Anyone over the age of 20 likely remembers magnetic media in the form of floppy disks.  Maybe you remember the not-so-floppy 3.5″ floppies (remember those puppies?  1.44MB on a high-den, 720kb on a double-den).  Maybe you even remember the really-floppy 5.25″ disks (1.2MB on a high-den, 360kb on a double-den, if I remember correctly!).  If you have data stored on those things right now, how much of a hassle would it be to try to get that data out of there?  And how much luck would you have in opening an old Wordperfect document, Harvard Graphics presentation, Quattro Pro spreadsheet, or running some of those classic DOS programs that weren’t built for systems with more than 1024kb of RAM?

Even if you have data stored on media that you can still read, there’s the problem of actually accessing it.  When I was working for a different provincial ministry, I asked our key IT contact about the process involved with restoring critical information back to our file servers if they were ever damaged or lost.  He told me, no problems, we have the data on backup tapes, cycled at varied intervals, all protected off-site, in a vault, or wherever.  Unfortunately, in order to restore the image backups, you had to have a new server that was the exact same configuration as the one that you’ve lost.  That is the big challenge – how do you get the exact same server as the one you lost if the one you lost is 1, 2, or 3 years old?  Technology moves on.  Vendors generally don’t offer systems and configurations that they did 1, 2, or 3 years ago.

His answer was that unless we got the exact same configuration, we would not be able to restore data off our tapes.  Simple as that.  How long would that take?  Anyone’s guess.  If you had the system on-hand, it would take a few hours to restore the data.  But if you didn’t, it could take a week, two weeks, or even a month or more to get the right machine delivered.  That’s unacceptable for critical data that you must have on-hand for business continuity purposes.

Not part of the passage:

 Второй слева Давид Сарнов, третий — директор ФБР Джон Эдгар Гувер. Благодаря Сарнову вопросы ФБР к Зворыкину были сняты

How much worse would it be for an archivist or any sort of researcher trying to get the data off that tape 10, 15, 25, 50, or 100 years from now?   They probably would never be able to get the records and information off there.  It would, for all intents and purposes, be absolutely lost to us, even if the physical media itself survived.

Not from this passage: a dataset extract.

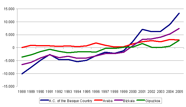 If we take into account only movement between the A.C. of the Basque Country and other autonomous communities, 740 persons more than the previous year arrived in 2005, which represents an increase of 4.4%. Therefore, the migratory balance between the A.C. of the Basque Country and other autonomous communities continues to be negative, with a loss of 1,497 persons. On the other hand, the migratory balance for persons from foreign countries is positive, with 14,818 persons more, a figure which represents a 27% increase with regard to the previous year.

The move from physical records to digital records is one of the big challenges and headaches that archivists around the world are wrestling with.  There’s no going back to a world that relies on paper and physical documentation.  But key, critical data and information needs to be stored and protected in physical form.  There simply is no choice in the matter.

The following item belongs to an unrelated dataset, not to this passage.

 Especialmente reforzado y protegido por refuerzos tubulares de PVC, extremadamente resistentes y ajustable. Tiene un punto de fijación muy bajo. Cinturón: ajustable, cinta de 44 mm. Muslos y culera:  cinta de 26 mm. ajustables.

There are business continuity reasons for this in the short-term.  There are historical archival reasons for this in the long-term.

Etchings on stone slabs will survive for thousands of years.  Printed material will survive for centuries.  Digital data may only survive for a handful of years.

If everything goes right, digital data is magnificent.  But things will go wrong, somewhere down the road.  You might need to access information stored in a digital file that you can’t open anymore.  Or maybe you don’t even have the hardware to read the media.  Or, perhaps someone millennia later is trying to learn about our age or about something that happens in our age.

The article that I linked to above talks about how our knowledge legacy will really only be what we have on printed media.  Digital content will all be lost in due time.  I agree with that view, and I just wanted to point out that there are also near-term, dollars-and-cents reasons for worrying about putting all your eggs in the digital basket.